- _Work item_
From the entries below, output the line with "Z czystej plastikowej" and each following line up to and including the line with "まず、じゃがいもを茹でて、熱いうちに皮をむいてボウルでつぶします。", exactly as written.

- _The records_
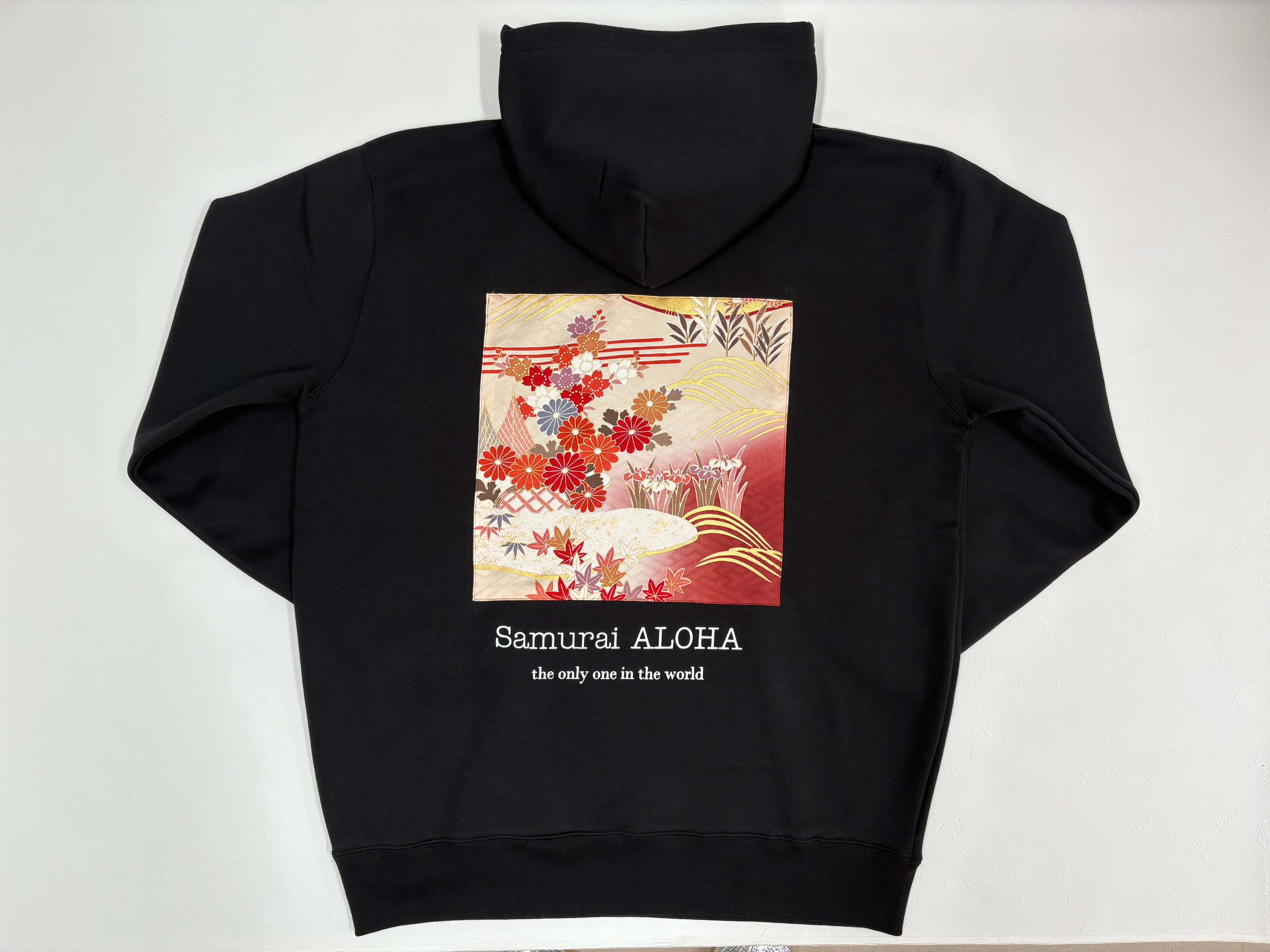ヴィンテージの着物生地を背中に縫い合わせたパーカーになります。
==
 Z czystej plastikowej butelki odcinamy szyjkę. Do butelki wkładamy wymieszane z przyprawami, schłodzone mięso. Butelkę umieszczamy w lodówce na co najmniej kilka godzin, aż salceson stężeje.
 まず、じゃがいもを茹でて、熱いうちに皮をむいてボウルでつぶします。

- _Result of this task_
 Z czystej plastikowej butelki odcinamy szyjkę. Do butelki wkładamy wymieszane z przyprawami, schłodzone mięso. Butelkę umieszczamy w lodówce na co najmniej kilka godzin, aż salceson stężeje.
 まず、じゃがいもを茹でて、熱いうちに皮をむいてボウルでつぶします。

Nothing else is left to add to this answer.